Exercise:
With the pictures omitted, please transcribe exactly the lines beginning at the one that contains "Sur le plan" and ending with the last line of the records below.

Collection entries:
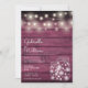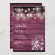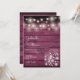 Eine stilvolle rustikale Hochzeitseinladung mit hübschen Saitenlichtern und Maurerkrügen. Die Namen der glücklichen Paare sind Set in einem eleganten Skript über den besonderen Hochzeitsdetails auf einem rustikalen burgundischen Holzhintergrund. Auf der Rückseite befindet sich ein rustikaler Holzhintergrund. Entwickelt von Thisisnotme©
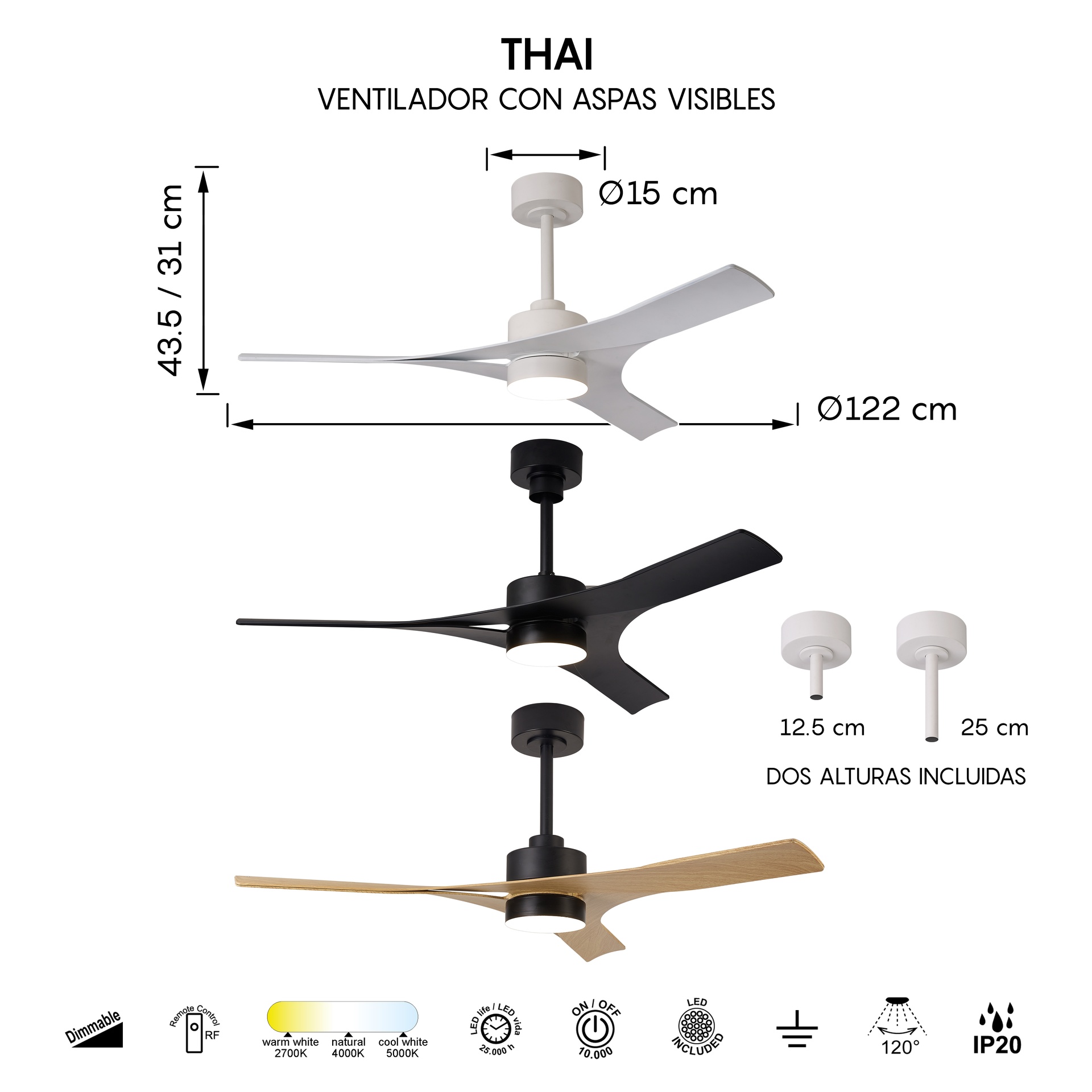 Le design THAI, signé NACHO TIMON, allie créativité et précision en matière de ventilation. Ce ventilateur de plafond offre des solutions adaptables à différents espaces. Fabriqués en acier/ABS et disponibles en finitions blanc, noir ou noir/bois, les luminaires allient robustesse et style à chaque application. Ils intègrent la technologie LED avec des températures de couleur de 2700K à 5000K, garantissant confort et efficacité énergétique. Grâce à leur indice de protection IP20, ils sont parfaits pour les intérieurs, garantissant durabilité et fiabilité. Une gamme conçue pour répondre aussi bien aux environnements décoratifs qu’aux projets d’éclairage exigeants.
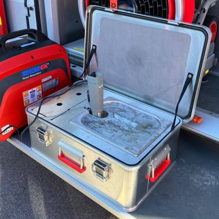 The complete set is delivered in a SafeCase including a foam inlay. This insulates the water basin and all the necessary components are stored clearly.
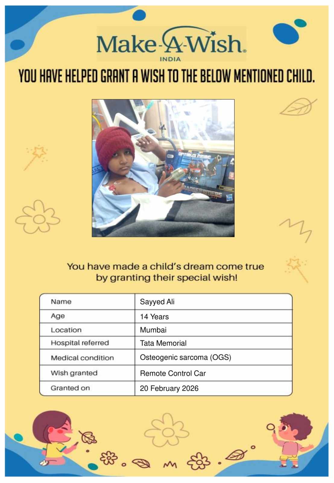 At an average cost of INR 10,000, every wish covers planning, logistics, and the magical experience itself, and by supporting this campaign, you are not just creating smiles but giving children hope, strength, and a better chance of recovery.
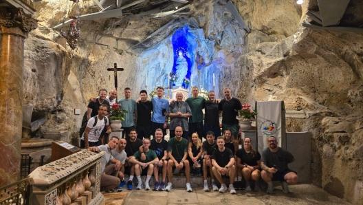 Preghiera — Questa mattina lo staff del Manchester, guidato dal tecnico spagnolo e dal preparatore atletico Federico Genovesi, e con indosso delle maglie con l’immagine di Falcone e Borsellino, ha raggiunto a piedi Monte Pellegrino per visitare il Santuario di Santa Rosalia, simbolo di fede e identità per tutta Palermo. Accolti dal reggente don Natale Fiorentino, i membri dello staff si sono raccolti in preghiera silenziosa nella Sacra Grotta, ricevendo la benedizione. Un gesto, come raccontato dal profilo Facebook del Santuario di Santa Rosalia, che ha unito fede e tradizione di una città che stasera vivrà una serata di calcio fuori dal normale.
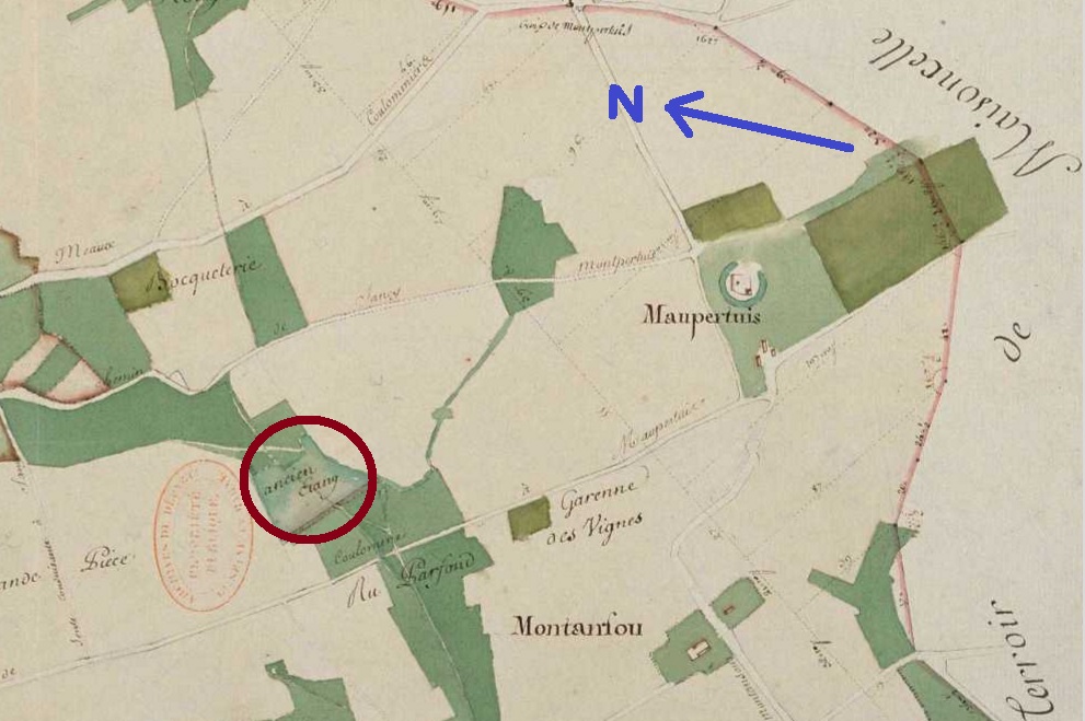 Sur le plan d’intendance un ancien étang est indiqué. A rapprocher de l’endroit repéré par nos promeneurs.
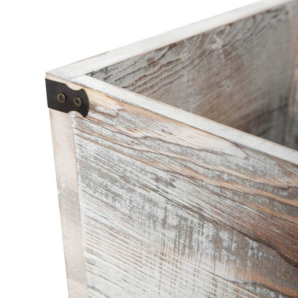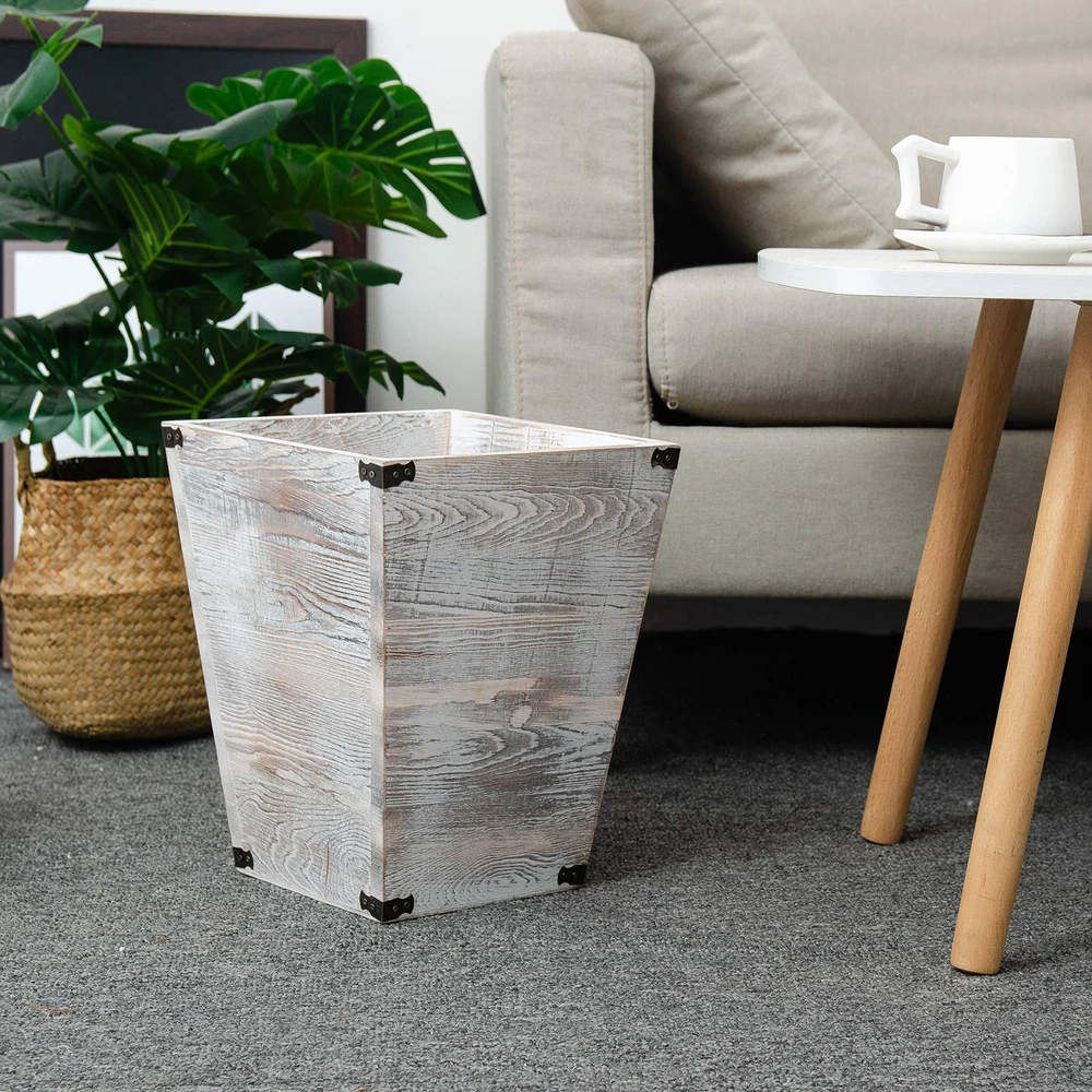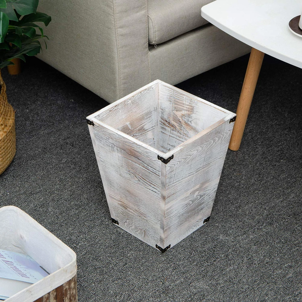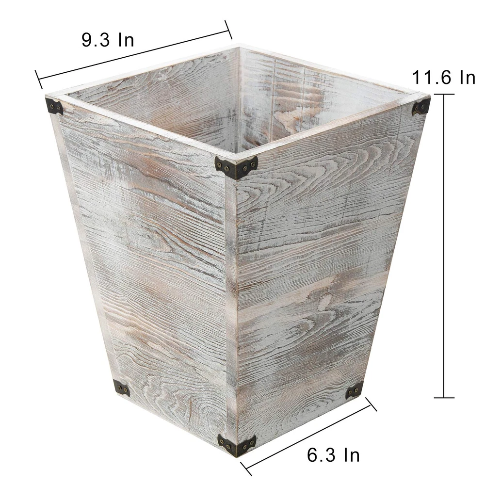 Rustic Whitewashed Torched Wood Square Waste Basket Recycle Bin Trash Can Decora

Solved problem:
 Sur le plan d’intendance un ancien étang est indiqué. A rapprocher de l’endroit repéré par nos promeneurs.
 Rustic Whitewashed Torched Wood Square Waste Basket Recycle Bin Trash Can Decora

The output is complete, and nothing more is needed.